### WHAT IS BEING ASKED:
Copy out precisely the lines from the start of the data through the line with "Description Located on", and keep pictures out of it.

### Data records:
* * *

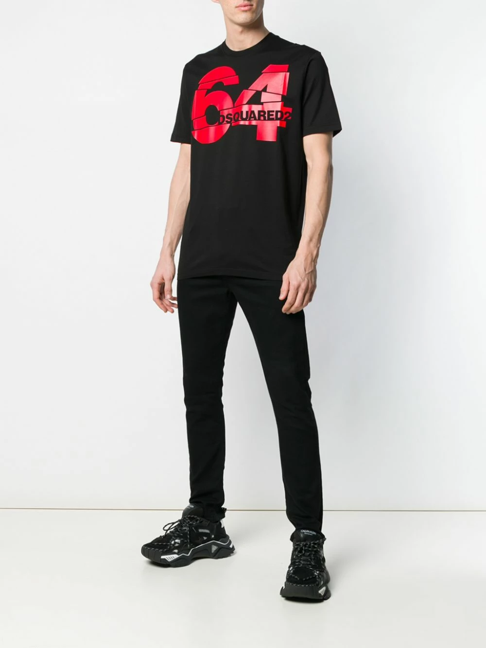 T-shirt 64 en coton Dsquared2 avec encolure ras du cou et manches courtes.
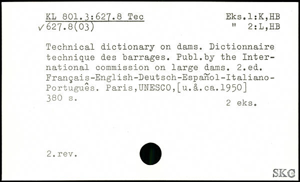 Technical dictionary on dams. Dictionnaire technique des barrages.
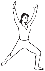 Выставляем левую ногу вперед. Предплечья скрещены перед грудью, пальцы сомкнуты, ладони повернуты вверх. Вытягиваем руки вверх и быстрым движением возвращаем их в положение перед грудью. Поворачиваем ладони вниз, быстрым движением вытягиваем руки по швам и затем возвращаем их к груди. Повторяем по 20–30 раз в каждую сторону.
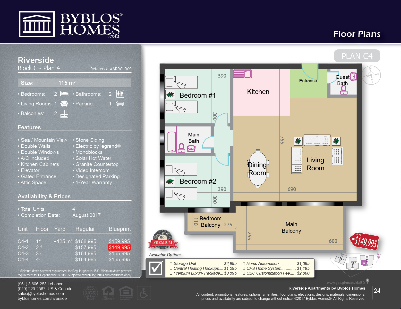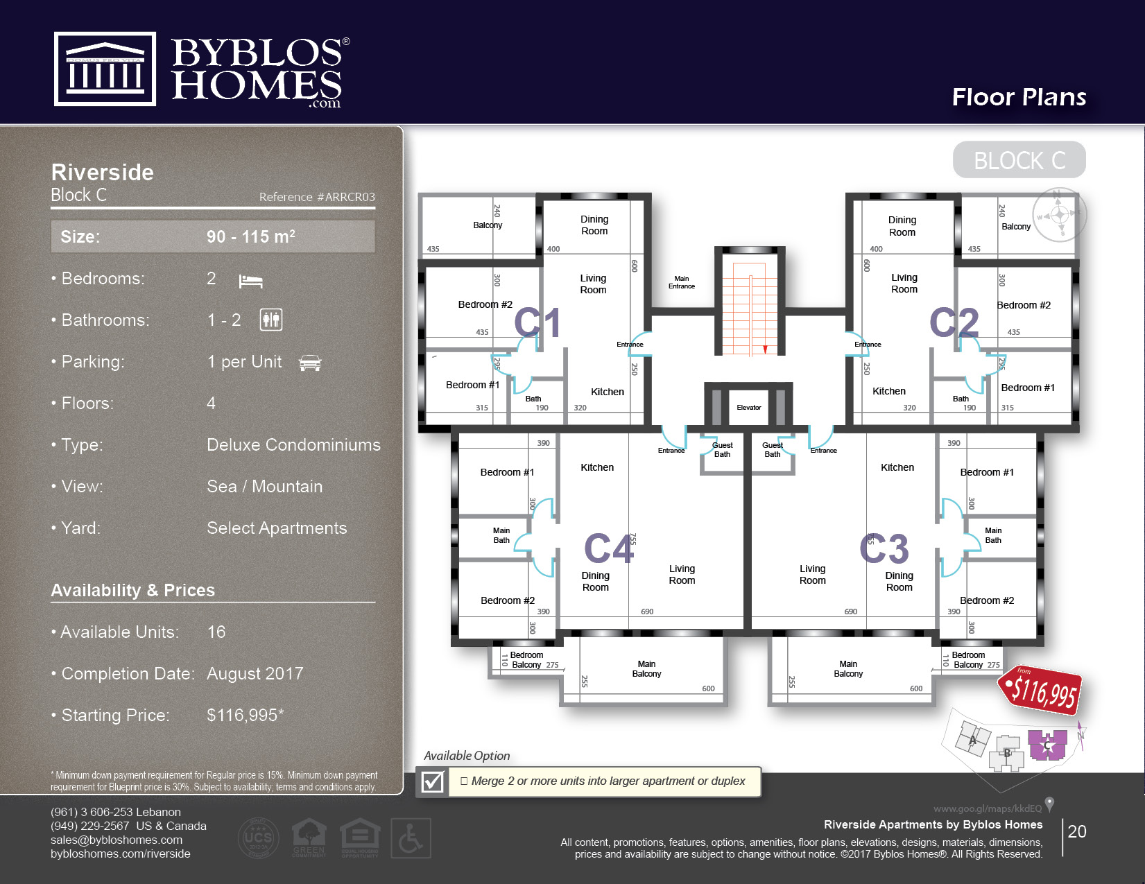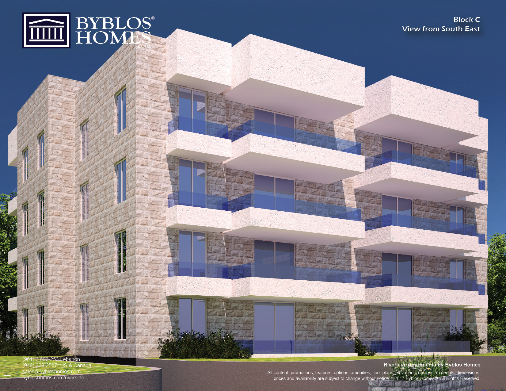 Description Located on an incline, Riverside Apartments offers spectacular view of the Mediterranean Sea, little traffic and convenience – less than 10 seconds from the freeway. Underground parking, private entrance and large balconies are just few of the amenities available. With 11 floor plans to choose from, you can select the right size and budget to fit your needs. Sizes vary from 80 to 135 square meters for 2 to 3 bedrooms, and pre-construction prices start at $99,995, making your next house very affordable. |
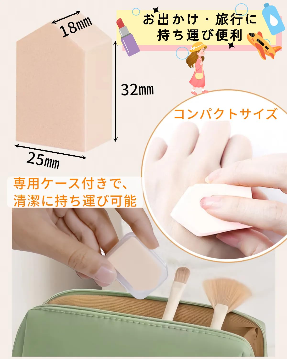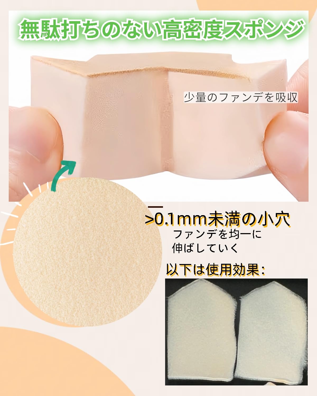 【無駄なく塗布できる高密度スポンジ】メイクスポンジは弾力優れた化粧用高密度ウレタンを採用、無駄に吸収したファンデの量が少なく、ファンデを均一に伸ばしていくことが実現できます。
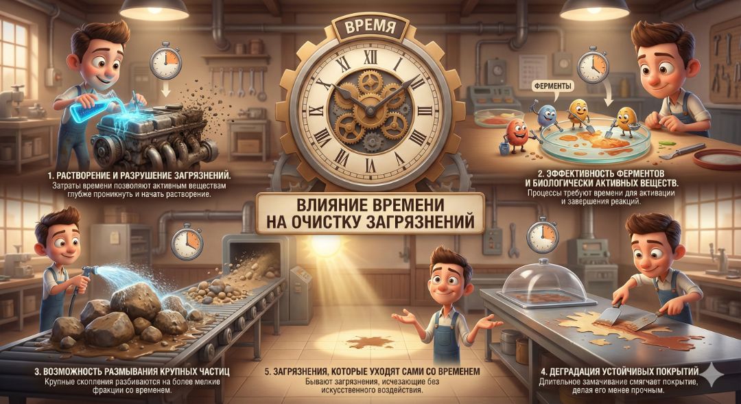 Время играет важную роль в процессе очистки сложных загрязнений, поскольку длительность контакта моющего раствора с загрязнением существенно влияет на результат.
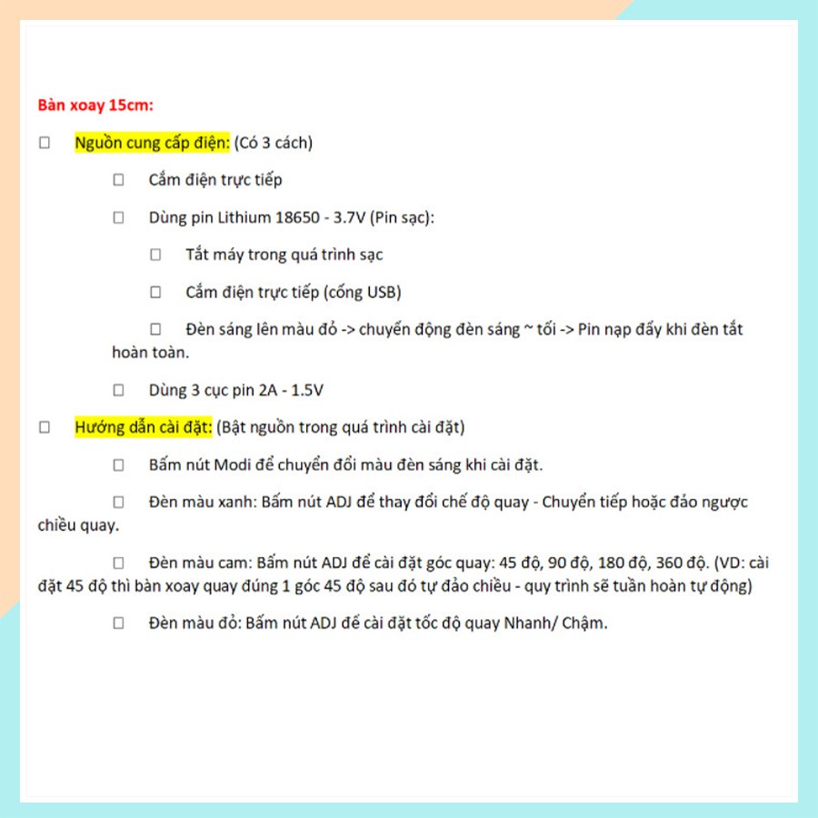 **LƯU Ý: Nên cho đế xoay nghỉ ngơi sau 7-8 tiếng hoạt động liên tục để sản phẩm đạt được đến tuổi thọ tối đa (dùng điện)
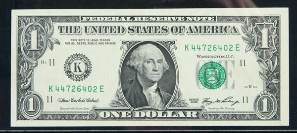 2006, $1 Federal Reserve Note. Error. PCGS Currency

* * *

### ANSWER SECTION:
 T-shirt 64 en coton Dsquared2 avec encolure ras du cou et manches courtes.
 Technical dictionary on dams. Dictionnaire technique des barrages.
 Выставляем левую ногу вперед. Предплечья скрещены перед грудью, пальцы сомкнуты, ладони повернуты вверх. Вытягиваем руки вверх и быстрым движением возвращаем их в положение перед грудью. Поворачиваем ладони вниз, быстрым движением вытягиваем руки по швам и затем возвращаем их к груди. Повторяем по 20–30 раз в каждую сторону.
 Description Located on an incline, Riverside Apartments offers spectacular view of the Mediterranean Sea, little traffic and convenience – less than 10 seconds from the freeway. Underground parking, private entrance and large balconies are just few of the amenities available. With 11 floor plans to choose from, you can select the right size and budget to fit your needs. Sizes vary from 80 to 135 square meters for 2 to 3 bedrooms, and pre-construction prices start at $99,995, making your next house very affordable. |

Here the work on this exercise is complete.